Only the lines from the one with "新疆和田玉青玉双龙戏珠玉吊坠男女玉石项链龙玉佩玉挂件" through the end of the material are wanted, copied exactly and with the pictures left out.
════
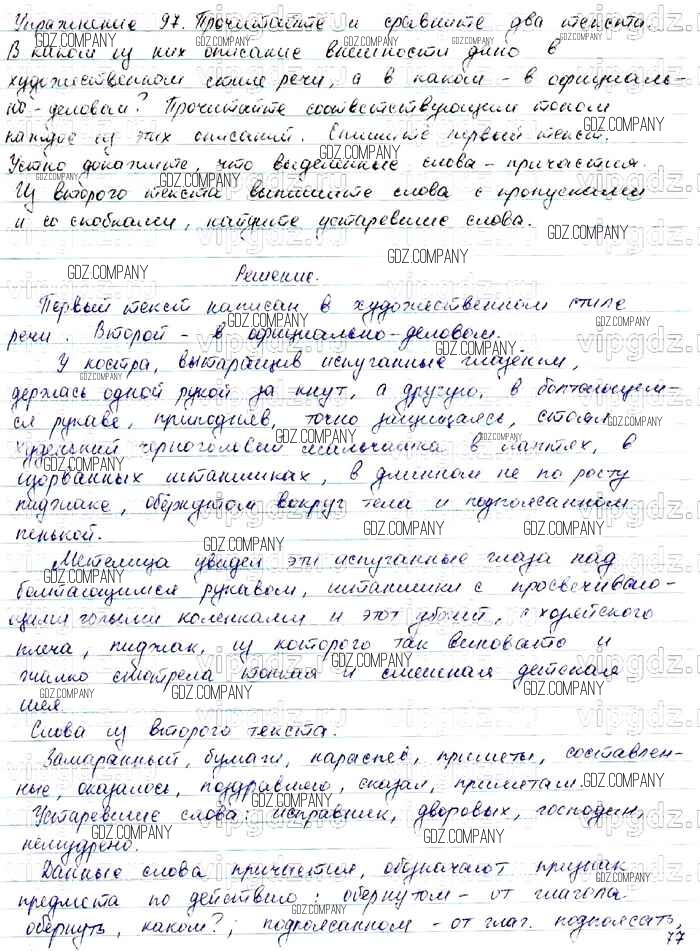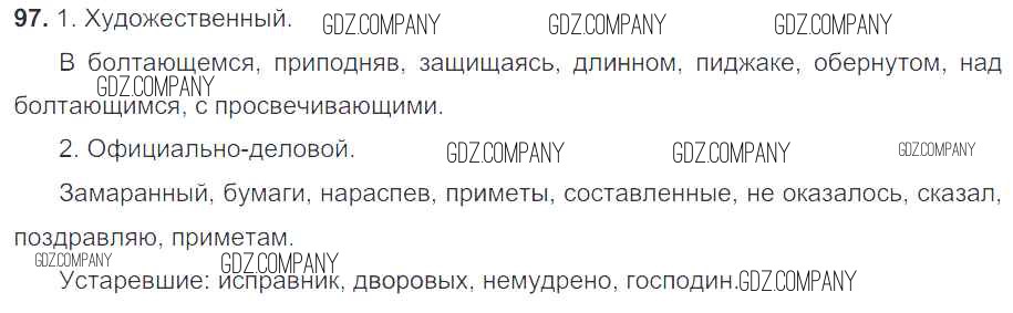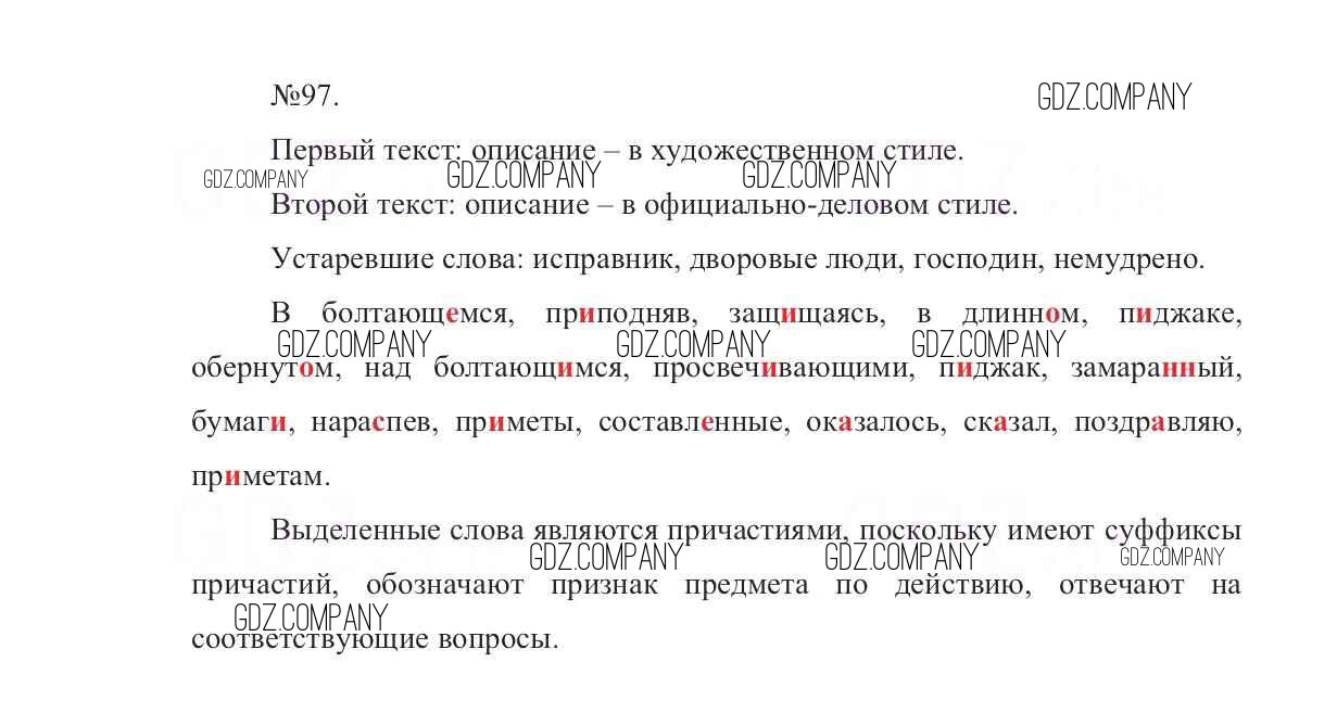 Здесь готовые ответы по Русскому языку за 7 (седьмой) класс от Баранов, Ладыженская, Тростенцова Учебник УМК (издательство: Просвещение от 2015 г.) № 97
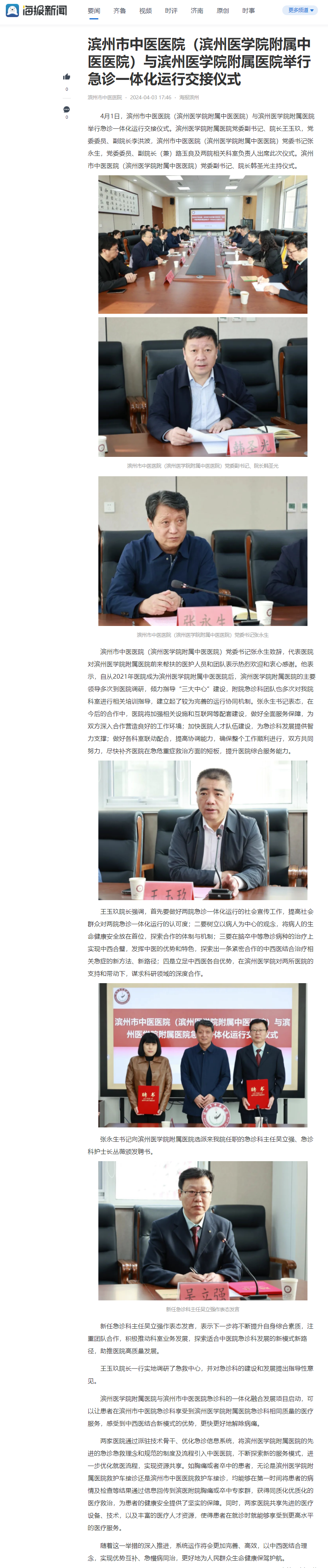 【大众网海报新闻】滨州市中医医院(滨州医学院附属中医医院)与滨州医学院附属医院举行急诊一体化运行交接仪式
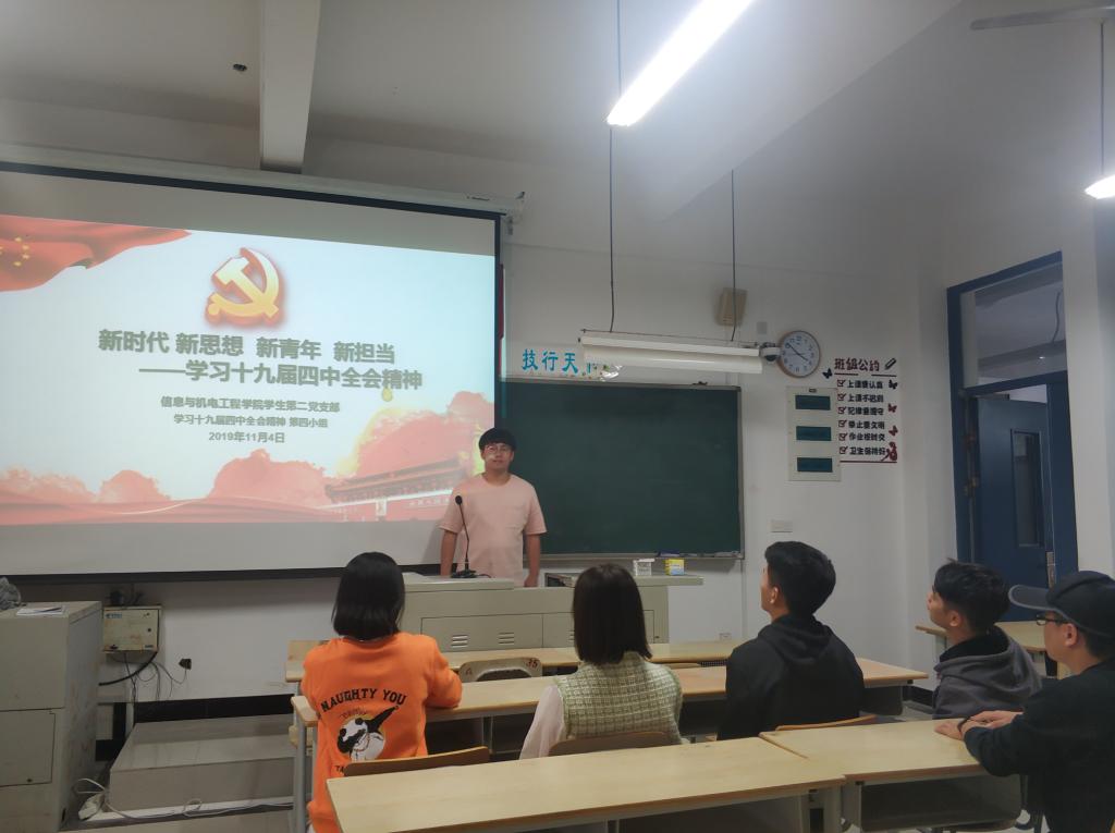 11月2日,信息与pa娱乐游戏第二党支部书记王昌雷老师要求全体员工党员带领积极分子通过学习强国、新华网、中国共产党网等渠道采用自学和小组讨论等方式学习这次会议的重要内容。11月12号下午三点在DB203召开全体党员学习十九届四中全会的讨论总结会。此次总结会以9个小组的学习成果分享为主,各组代表分别阐述了各小组内的学习心得。党员一致认为,十九届四中全会胜利召开,审议通过了《中共中央关于坚持和完善中国特色社会主义制度、推进国家治理体系和治理能力现代化若干重大问题的决定》,对坚持和完善中国特色社会主义制度,进一步推进国家治理能力、治理体系现代化具有决定性的重要作用。“青年兴则国家兴,青年强则国家强。青年一代有理想、有本领、有担当,国家就有前途,民族就有希望。”作为新时代的当代党员老员工,我们一定坚定理想信念,牢固树立“四个意识”,坚定“四个自信”,做到“两个维护”,志存高远,脚踏实地,勇做时代的弄潮儿,在实现中国梦的生动实践中放飞青春梦想,在为人民利益的不懈奋斗中书写人生华章!
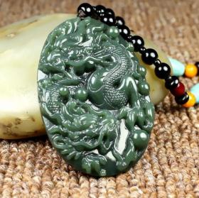 新疆和田玉青玉双龙戏珠玉吊坠男女玉石项链龙玉佩玉挂件
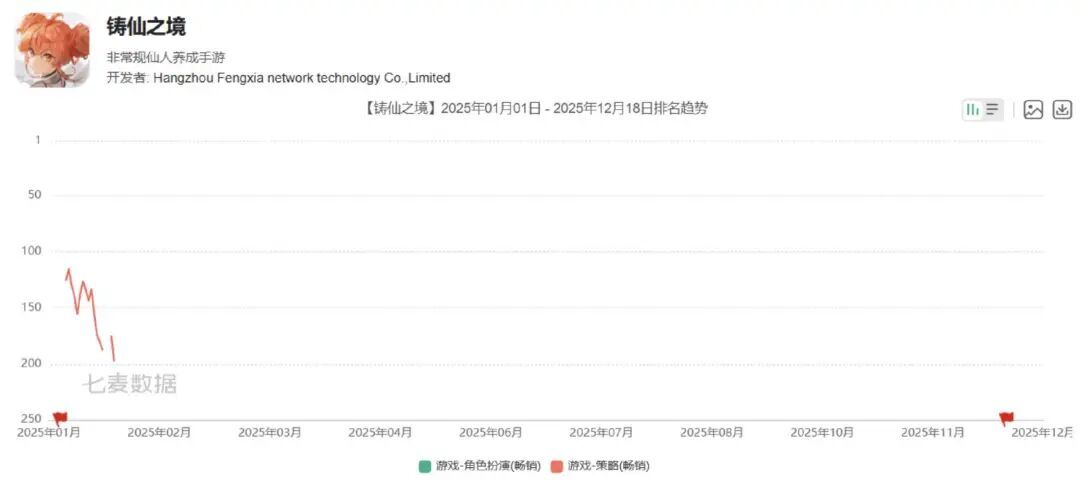 幻爵科技《铸仙之境》是一款修仙风格的「赛马娘like」。幻爵科技创始人月下曾在腾讯魔方工作室就职,参与过《全民农场》《王牌战士》等项目,在2021年出走创业,这款游戏几经大改,缩短了养成时间,整体玩法其实还算有些亮点,很可惜的是,游戏在1月份上线后表现并不佳,连畅销榜都未曾挤进去。
════
** Output for this task **
 新疆和田玉青玉双龙戏珠玉吊坠男女玉石项链龙玉佩玉挂件
 幻爵科技《铸仙之境》是一款修仙风格的「赛马娘like」。幻爵科技创始人月下曾在腾讯魔方工作室就职,参与过《全民农场》《王牌战士》等项目,在2021年出走创业,这款游戏几经大改,缩短了养成时间,整体玩法其实还算有些亮点,很可惜的是,游戏在1月份上线后表现并不佳,连畅销榜都未曾挤进去。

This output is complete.